# The best cider book?



## TheCarbinator (9/12/14)

I've done a few batches of Aldi juice cider which were good but not amazing, so I'm thinking about getting a book to step it up a notch.

The BABBS club library has got this book:

http://www.goodreads.com/book/show/28004.Cider

I was going to go ahead and buy a copy unless someone has a better book that they can recommend?


----------



## manticle (9/12/14)

Not sure about better but that book is a good read and a good buy.


----------



## Blind Dog (10/12/14)

IMHO, you can read all you want about cider but if you can't press your own apples or find a source of fresh juice from cider apples you'll always struggle to make a decent cider. That aside, IIRC, the book you reference is a good read but perhaps not the definitive guide to actually making cider. Not sure what is though, but if you can get decent juice it's pretty simple to make good cider.


----------



## TheCarbinator (10/12/14)

Yeah that's what I plan to do blind dog, looking at making a press etc


----------



## TimT (10/12/14)

That book'll definitely set you up. It's got everything from recipes through to a guide on setting up your own apple orchard.
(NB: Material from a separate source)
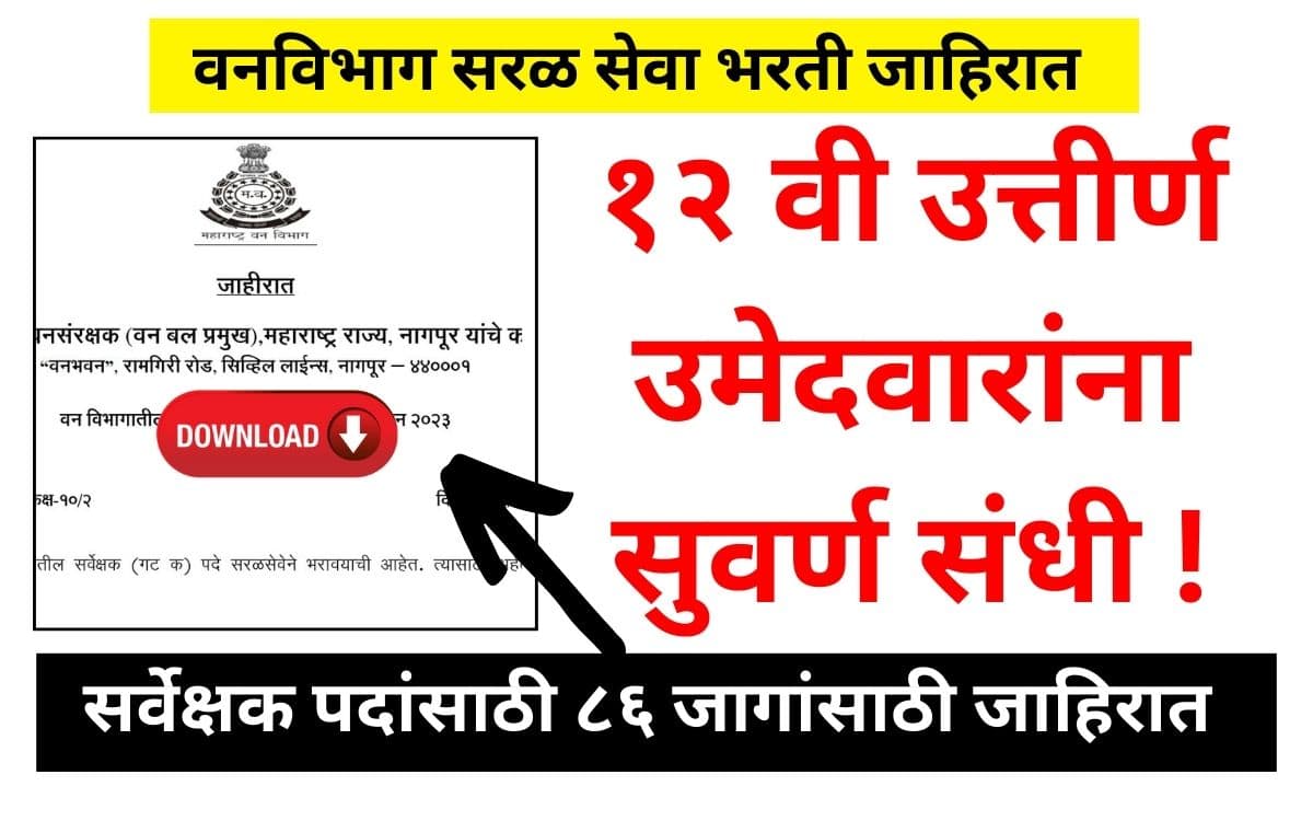 Forest Department Recruitment 2023 : सरकारी नोकरीच्या शोधात असणाऱ्या उमेदवारांसाठी आता वन विभागाने सरळ सेवा भरतीची जाहिरात प्रसिद्ध केली आहे, त्यानुसार वन विभागांमध्ये 2 हजार 288 जागांसाठी भरती होणार असून, त्यामध्ये सर्वेक्षक (…

It's quite possible it's become the default book on cider simply by being the first; I have a few other books that discuss cider but only in the space of a chapter.


----------



## Mutaneer (10/12/14)

I was lent this book by the guys from Captain Blighs Cider here in Hobart
great resource.
http://www.cider.org.uk/book.html

But again, juice is the key.
you can't polish a turd,
you CAN roll it in cocoa to make it look like a chocolate truffle, but it'll still taste like sh!t.


----------



## Airgead (10/12/14)

I picked up Drew Beechum's Hard Cider book a while back. Not bad. Probably worth a read if you are just getting into cider.

But yeah... juice.


----------



## Deep End (10/12/14)

Hayne's ( The same mob that do the car fixing books) have a cider manual, its a good read, informative.


----------